44 Responses to “Peter Schiff on record gold prices: I told you so!”

  1. bminster23 says:

    There is no bubble!

  2. bminster23 says:

    There is no bubble!

  3. bminster23 says:

    Blame Europe!

  4. bminster23 says:

    Blame Europe!

  5. probablynoob says:

    @obyptra
    Its not that hard, I’m at about 490% and climbing. Find a better trading technique. My system always has consistent results, get the free video here
    ==> bit.ly/L1lwQo?=ycjkmo

  6. probablynoob says:

    @obyptra
    Its not that hard, I’m at about 490% and climbing. Find a better trading technique. My system always has consistent results, get the free video here
    ==> bit.ly/L1lwQo?=ycjkmo

  7. 415Dub says:

    LOL Warren Buffet? No thanks.

  8. 415Dub says:

    LOL Warren Buffet? No thanks.

  9. MrLivePositive8 says:

    1:02 That is all mine guys, I gave them that clip to show off ;)

  10. MrLivePositive8 says:

    1:02 That is all mine guys, I gave them that clip to show off ;)

  11. Lada5200 says:

    Look up Warren Buffet’s view on gold

  12. Lada5200 says:

    Look up Warren Buffet’s view on gold

  13. MONOPOLY35 says:

    A bubble in gold formed not because of fear, but because they were flipping it like real estate. In 1980 interest rates were raised to over 20% to fight the stagflation of the 70′s. Back then we were the world’s largest creditor nation. Now we are the world’s largest debtor nation. In the 2008-09 crisis, the money supply was DOUBLED. With a national debt of 15 trillion and counting, if we bring interest rates up to 20% to fight inflation, the United States would go bankrupt.

  14. MONOPOLY35 says:

    A bubble in gold formed not because of fear, but because they were flipping it like real estate.

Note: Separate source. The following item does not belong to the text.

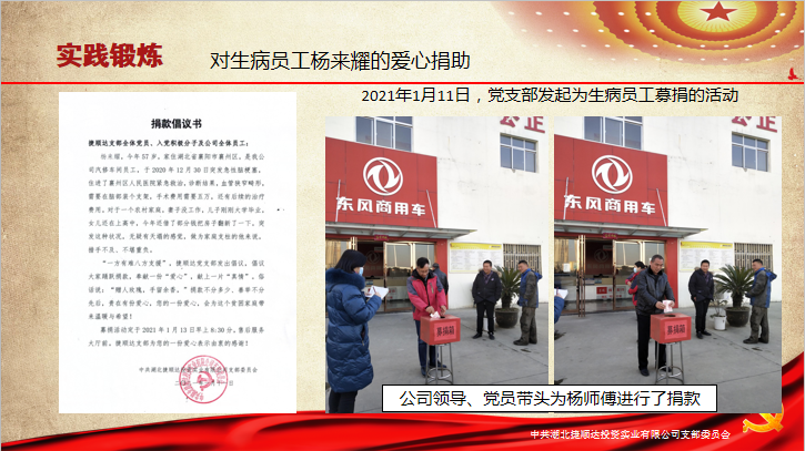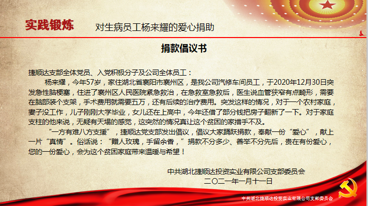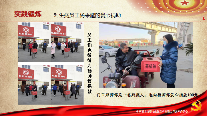 黨支部倡議為生病員工楊來(lái)耀捐款,黨員同志們積極發(fā)揮模范帶頭作用,紛紛為生病員工伸出援手,員工們也積極響應(yīng),捐款共計(jì)5270元。

In 1980 interest rates were raised to over 20% to fight the stagflation of the 70′s. Back then we were the world’s largest creditor nation. Now we are the world’s largest debtor nation. In the 2008-09 crisis, the money supply was DOUBLED. With a national debt of 15 trillion and counting, if we bring interest rates up to 20% to fight inflation, the United States would go bankrupt.

  15. MrBanker2222 says:

    Turn money into gold and gold into money at Gold Trading Academy. If you have spendable money, come trade gold! Come visit my website Gold Trading Academy.

  16. MrBanker2222 says:

    Turn money into gold and gold into money at Gold Trading Academy. If you have spendable money, come trade gold! Come visit my website Gold Trading Academy.

  17. cookmatthewr says:

    lol inflation at 10%. the bond market comment was even better.

  18. cookmatthewr says:

    lol inflation at 10%. the bond market comment was even better.

  19. cookmatthewr says:

    hi

  20. cookmatthewr says:

    hi

  21. captaindiesalot says:

    ah, falling inflation and a RISING Dollar…fact. The RISK of inflation goes down, gold follows. Why? Because inflationary risk to your fiat currency falls, a situation where we have SOUND money. Reagan brought back a period of sound money, a slowing of government spending as a % of GDP, and a significant decrease in inflation, which is the ultimate price of government.

  22. captaindiesalot says:

    ah, falling inflation and a RISING Dollar…fact. The RISK of inflation goes down, gold follows. Why? Because inflationary risk to your fiat currency falls, a situation where we have SOUND money. Reagan brought back a period of sound money, a slowing of government spending as a % of GDP, and a significant decrease in inflation, which is the ultimate price of government.

  23. florianalexbaaden says:

    Unfortunately, the facts simply do not support this view. That’s because gold is a great store of value—except when it’s not. Had you become fed up with the inflation of the Jimmy Carter years and moved your savings to gold in 1980, you would have watched your "store of value" fall by 70% in the two decades that followed. And this would have happened during a period of persistent (though falling) inflation.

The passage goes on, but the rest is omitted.